We measured threshold letter size (acuity) for 150-ms tumbling-E targets at the fovea and lower visual field at eccentricities of 3, 5, and 10° for 5 subjects. Targets were presented in isolation or flanked on all four sides by randomly-oriented tumbling-Es at six center-to-center spacings (1.2-5x the letter size). Weber contrast of the entire stimulus varied from -2.5% to -99% in eight logarithmic steps.

We find that across subjects, contrasts, and eccentricities, flanked acuity can be well described as a function of nominal flanker distance. A parsimonious characterization is a two-line fit in log-log space comprising a flat portion where flankers do not affect target recognition, and, within the absolute critical spacing for crowding, a line with constrained slope of -1. Except where crowding is essentially absent (foveally), average r[sup]2[/sup] for this fit is 0.85±0.17. Interestingly, contrast reduction causes only a modest (<1.5x) increase in the critical spacing, instead primarily elevating the flat portion of these curves.

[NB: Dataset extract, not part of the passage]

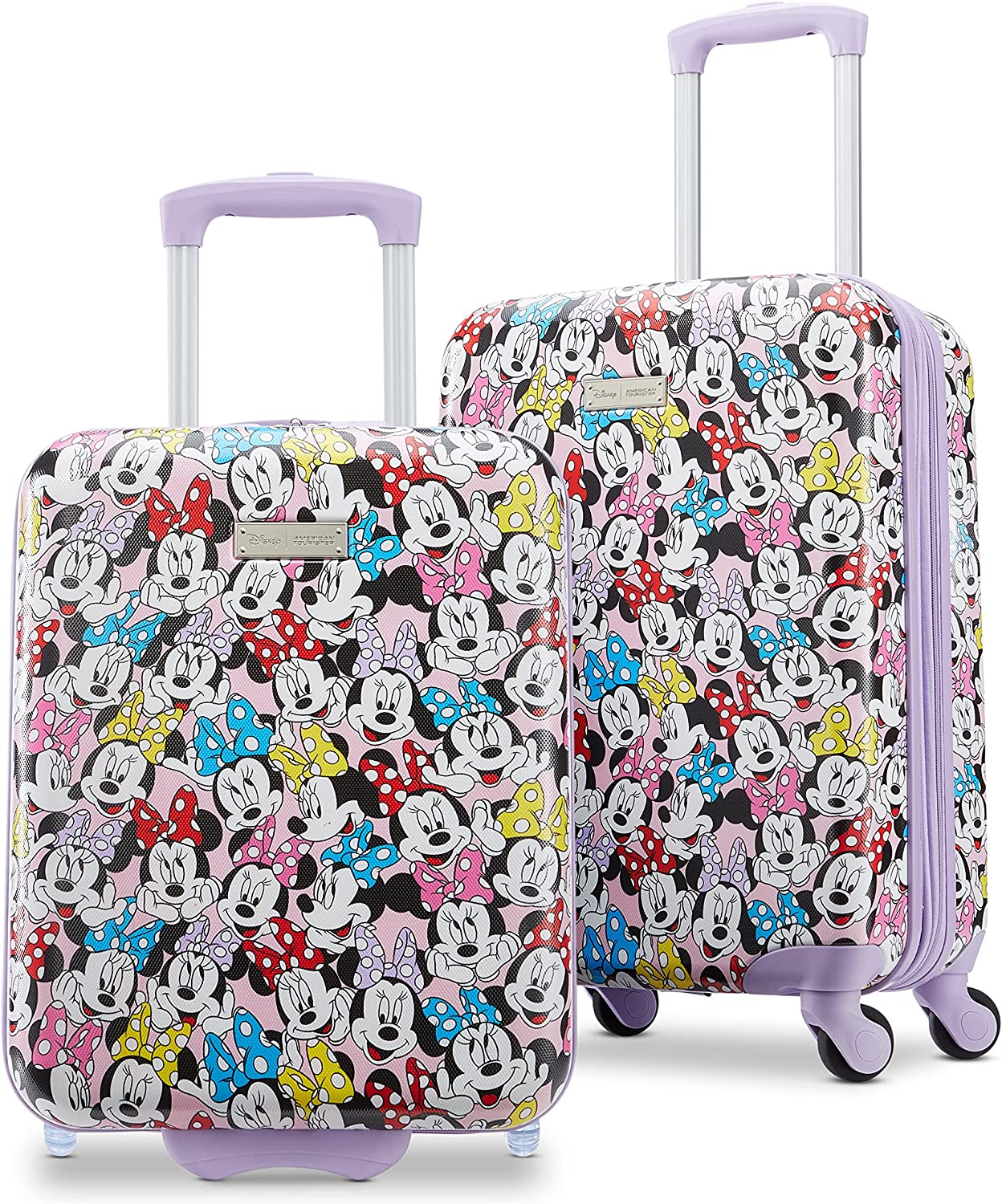 Show your love for your favorite Disney character with this hardside upright travel case from AMERICAN TOURISTER. The AMERICAN TOURISTER hardside is made from lightweight and durable ABS material and features a sleek hardside design with side-mounted skate wheels, a mono tube pull handle, and a top grab handle for easy lifting. The interior is fully lined and detailed with crisscross tie-down straps to hold clothing in place and a zip around divider that creates two separate packing compartments. This case is perfect for boys and girls on the go. Pack more fun with this Disney luggage!

For all combinations of contrasts and flanker spacings, threshold acuities are linear functions of eccentricity (average r[sup]2[/sup]=0.94±0.069). The critical spacing is also linearly related to eccentricity (average r[sup]2[/sup]=0.98±0.038). Finally, a two-line fit relating acuity to contrast is consistent across subjects and eccentricities (average r[sup]2[/sup]=0.88±0.048), yielding a power-law with exponent of -0.55 for contrasts below approximately 20%.

Contrast-dependent flanked acuity for 224 conditions can be parameterized with just three per-subject values: baseline acuity, high-contrast flanked E2 and high-contrast unflanked E2. Except for slight increases in the crowding zone for low-contrast stimuli (at 2.5%, 1.5x greater than at 99%), crowding and contrast limit acuity independently.